DATA BELOW:
+-------+

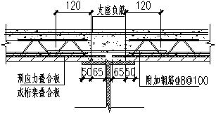 8、1#楼宿舍区标准层和3#楼标准层部分楼板采用中建科技集团自主研发的预制预应力带肋叠合板,相比于普通叠合板承载力更高,经济性好,连接节点位置利用桁架筋增加整体性,板与板之间采用密拼连接。
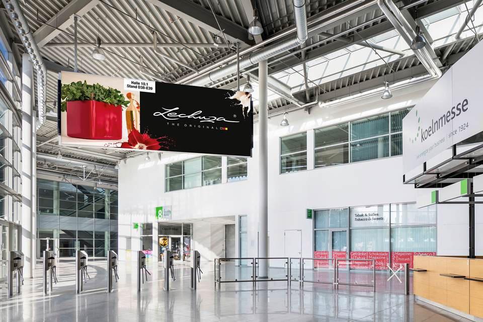 Digitale Werbung (LED-Screen) im Messeboulevard, oberhalb Eingang zur Halle 8:
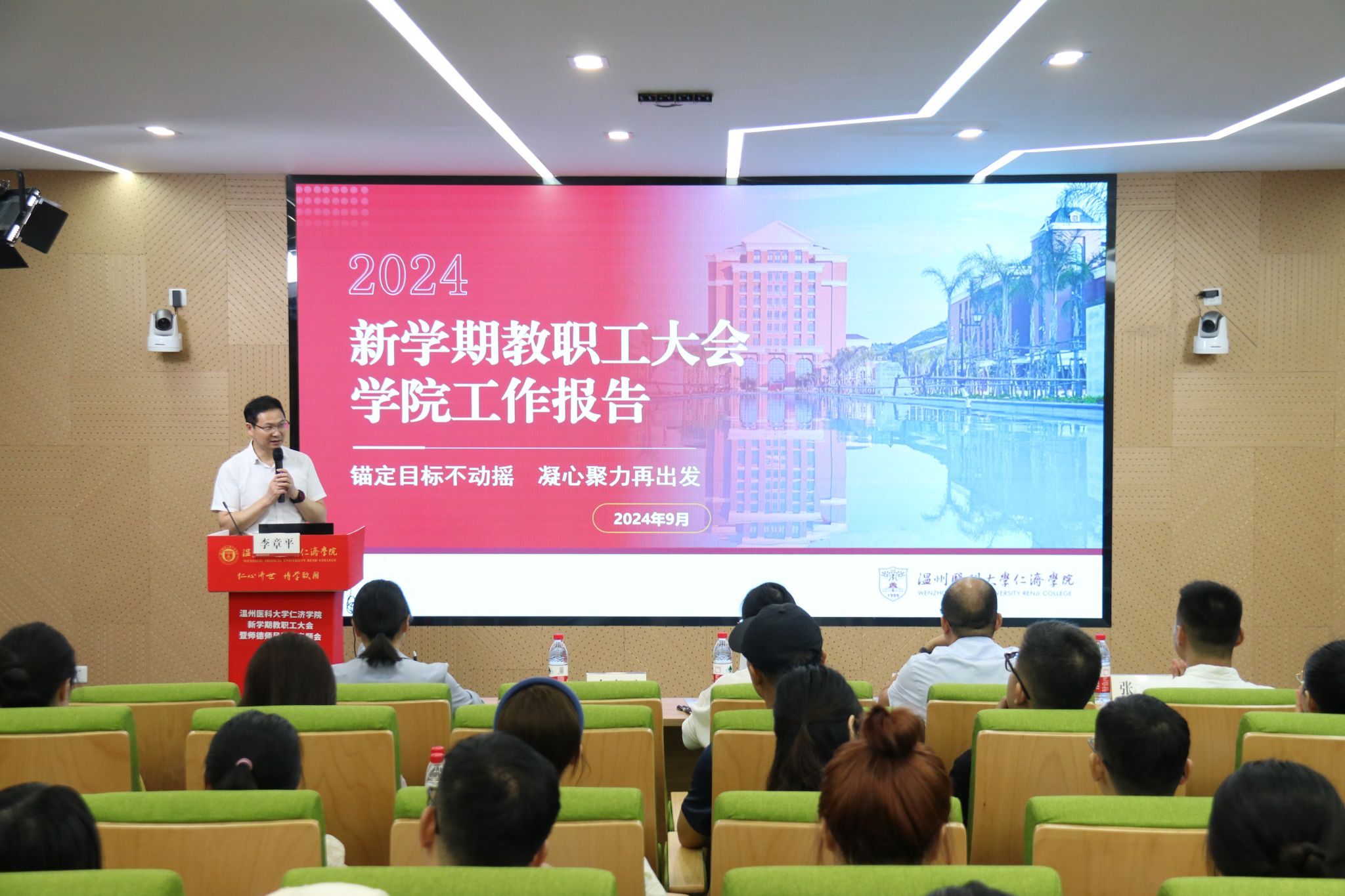 9月12日上午,学院在茶山校区召开新学期教职工大会暨师德师风建设专题会,激励广大教职工忠诚党的教育事业,团结动员全院教职员工为推动学院高质量发展的战略目标砥砺奋进。院党委书记彭红雷作专题宣讲与动员讲话,院长李章平作学院工作报告,党委副书记姜旭英主持会议。

+-------+

EXERCISE INSTRUCTIONS: To complete this exercise, repeat exactly the lines above from the one holding "Digitale Werbung (LED-Screen)" to the end of the listing, both included, and leave the pictures out.

SOLUTION TO THIS EXERCISE:
 Digitale Werbung (LED-Screen) im Messeboulevard, oberhalb Eingang zur Halle 8:
 9月12日上午,学院在茶山校区召开新学期教职工大会暨师德师风建设专题会,激励广大教职工忠诚党的教育事业,团结动员全院教职员工为推动学院高质量发展的战略目标砥砺奋进。院党委书记彭红雷作专题宣讲与动员讲话,院长李章平作学院工作报告,党委副书记姜旭英主持会议。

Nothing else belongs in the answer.